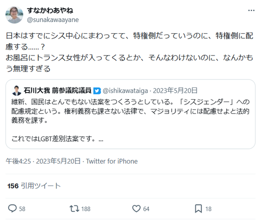 日本はすでにシス中心にまわってて、特権側だっていうのに、特権側に配慮する……? お風呂にトランス女性が入ってくるとか、そんなわけないのに、なんかもう無理すぎる(2023年5月20日)
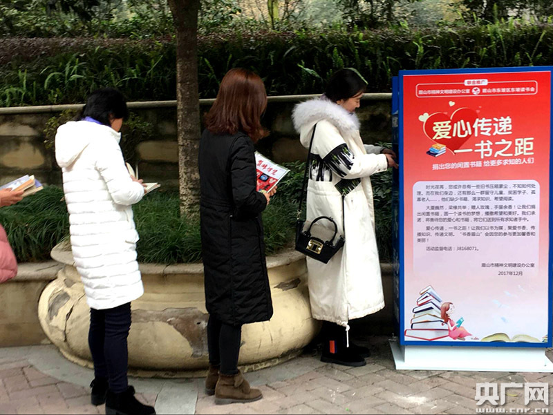 央廣網(wǎng)成都12月27日消息(記者劉濤、通訊員王永強(qiáng))“我覺得這是件很有意義的事,通過捐獻(xiàn)閑置的書籍就能夠幫助別人,我內(nèi)心感到很高興。希望有更多的市民朋友參與到這個活動中來,共同傳遞愛心,把我們眉山建設(shè)得更加美麗和溫暖!27日,在四川眉山中心城區(qū)一小區(qū)內(nèi),小區(qū)居民黃女士將家中看過的閑置書籍投入“愛心書籍捐贈箱”時高興的說到。
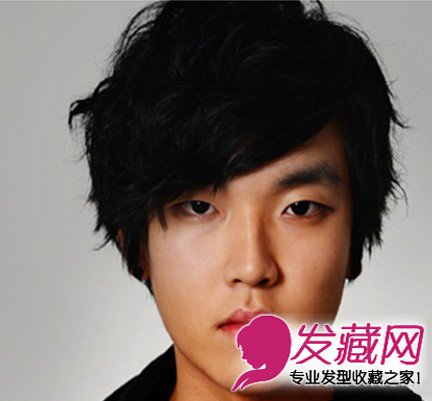 37分的斜刘海,让原本就精致的脸庞显得更修长,凌乱层次的头发裁剪,展现出一种叛逆大男孩的形象。搭配黑色单纯的头发,更是展现将可爱与成熟的气息一同呈现。
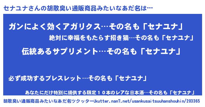 | 意味不明あだ名 | 『とにかく怪しいセナユナ』 |
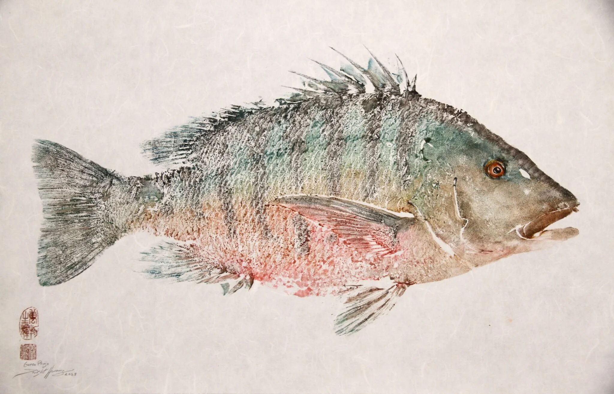 Gyotaku of a tropical lionfish swimming within coral sea fans, by Dwight Hwang.
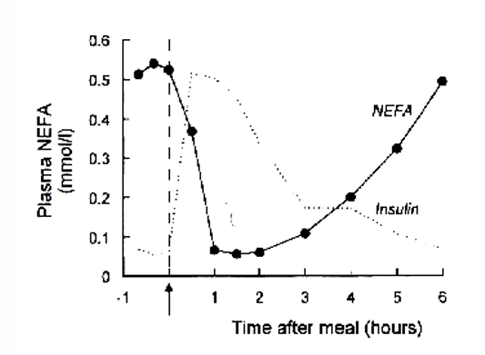 plasma NEFA concentration = inverse reflection of plasma glucose and insulin concentration
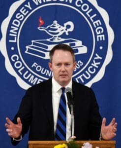 Dunn spoke to Lindsey Wilson supporters, faculty, staff and students less than half an hour before the Lindsey Wilson Board of Trustees unanimously voted to rename the school Lindsey Wilson University, effective July 1.
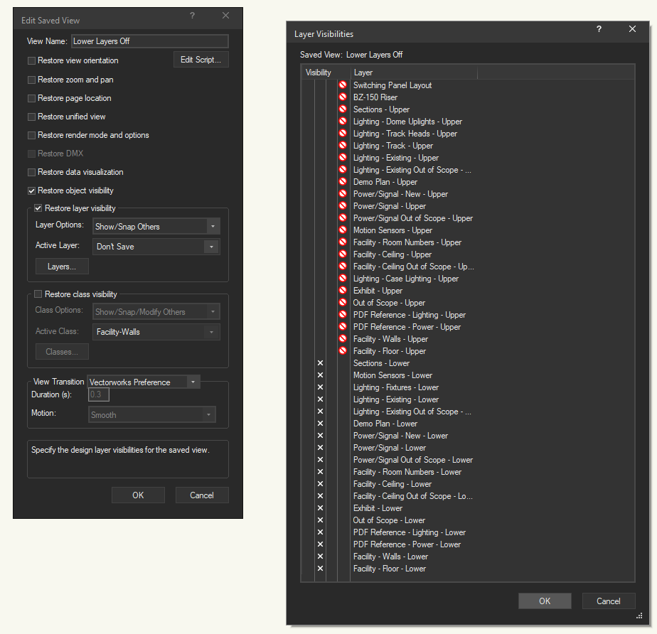 Unless I'm misunderstanding the wish, this is something Saved Views can already do, and is pretty much the only thing I use Saved Views for. Most of my Saved Views look something like this, with all view options unchecked, Active Layer set to Don't Save, and a group of Layers set to be visible or hidden and the rest set to ignore. You can't really make one Saved View as a toggle, so you instead need one for visible and one for hidden, but I find it to be pretty convenient. I usually only do Layers, with the way I use Classes I don't have to futz around too much with visibility, just setting visual overrides per Viewport. -
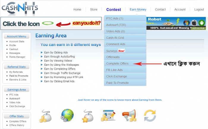 Earn Money Option টিতে ক্লিক করার পর Complete Offers Option টিতে ক্লিক করুন
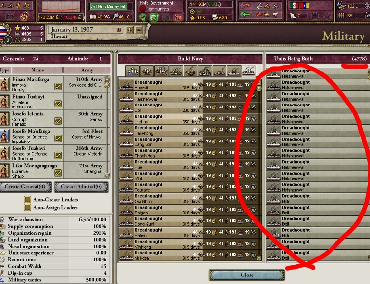 それから、ちょっと前の話ですがまとめて研究していた海軍研究の成果が出て遂にドレッドノートの発明が来ました! 手始めに778隻ほど発注しておきました。
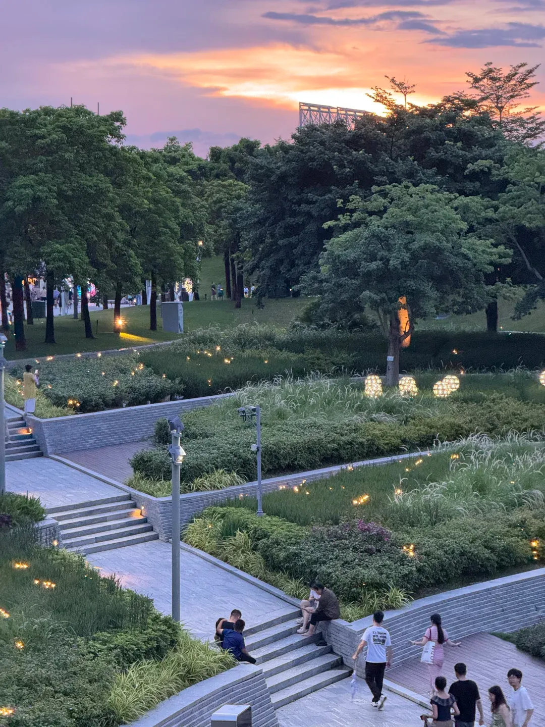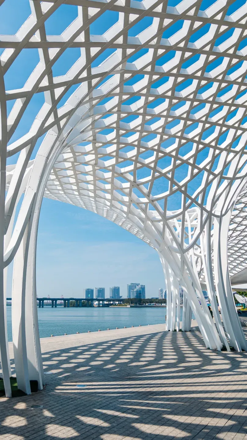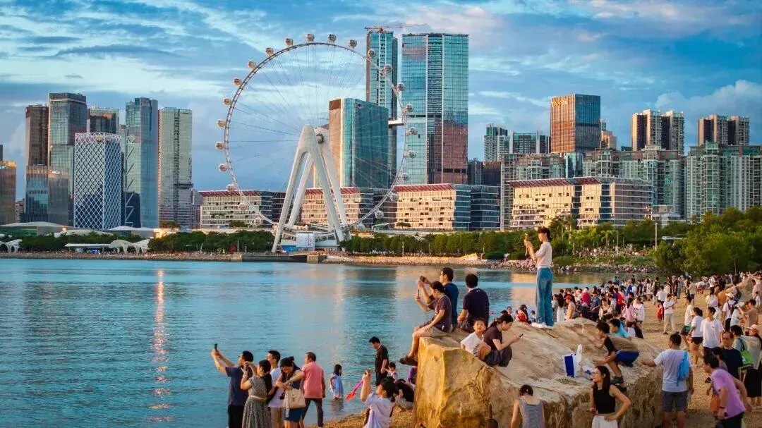 直到我们站在湾区之眼前。摩天轮悬在远处暮光低垂的海面上,滨海廊桥蜿蜒向前,书城灯火通明,海风带着城市的气息扑面而来。远处是新城天际,海面波光点点。
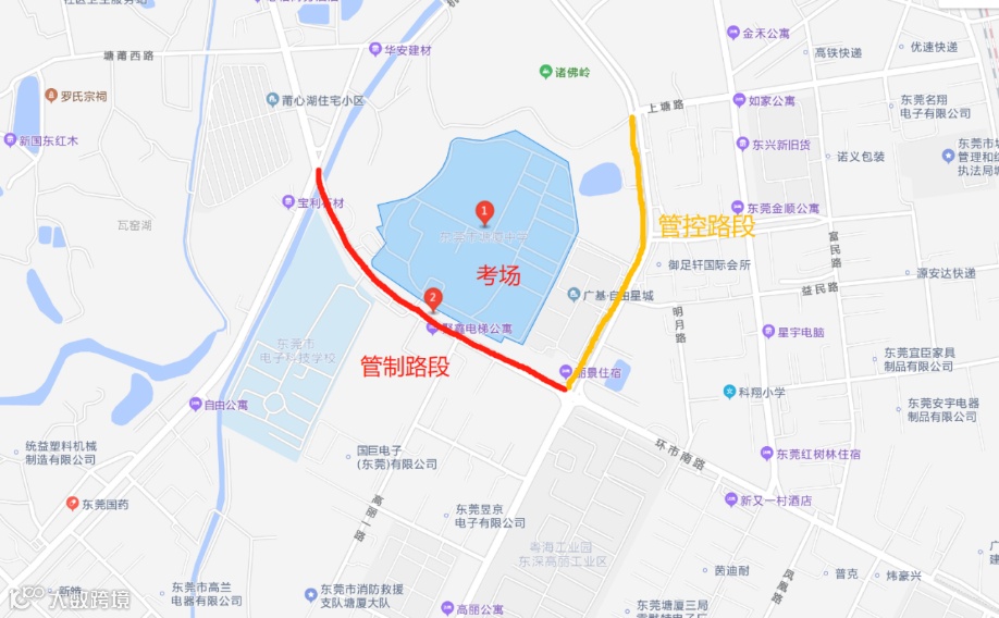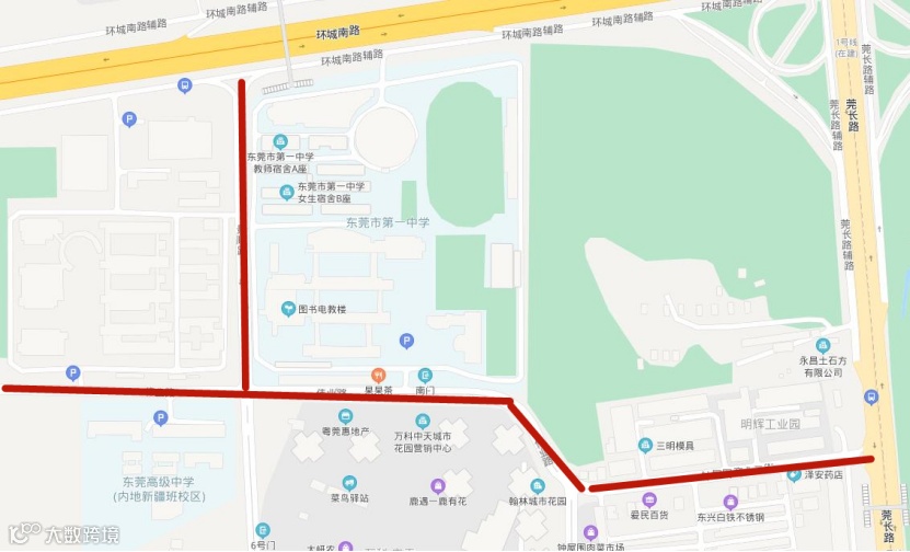 ▲景顺路、伟业路东莞一中路段交通管制示意图
::::
Please copy out from the data above, without any picture, exactly the lines running from the one that holds "央廣網(wǎng)成都12月" through the one that holds "plasma NEFA concentration", and nothing beyond them.

 央廣網(wǎng)成都12月27日消息(記者劉濤、通訊員王永強(qiáng))“我覺得這是件很有意義的事,通過捐獻(xiàn)閑置的書籍就能夠幫助別人,我內(nèi)心感到很高興。希望有更多的市民朋友參與到這個活動中來,共同傳遞愛心,把我們眉山建設(shè)得更加美麗和溫暖!27日,在四川眉山中心城區(qū)一小區(qū)內(nèi),小區(qū)居民黃女士將家中看過的閑置書籍投入“愛心書籍捐贈箱”時高興的說到。
 37分的斜刘海,让原本就精致的脸庞显得更修长,凌乱层次的头发裁剪,展现出一种叛逆大男孩的形象。搭配黑色单纯的头发,更是展现将可爱与成熟的气息一同呈现。
 | 意味不明あだ名 | 『とにかく怪しいセナユナ』 |
 Gyotaku of a tropical lionfish swimming within coral sea fans, by Dwight Hwang.
 plasma NEFA concentration = inverse reflection of plasma glucose and insulin concentration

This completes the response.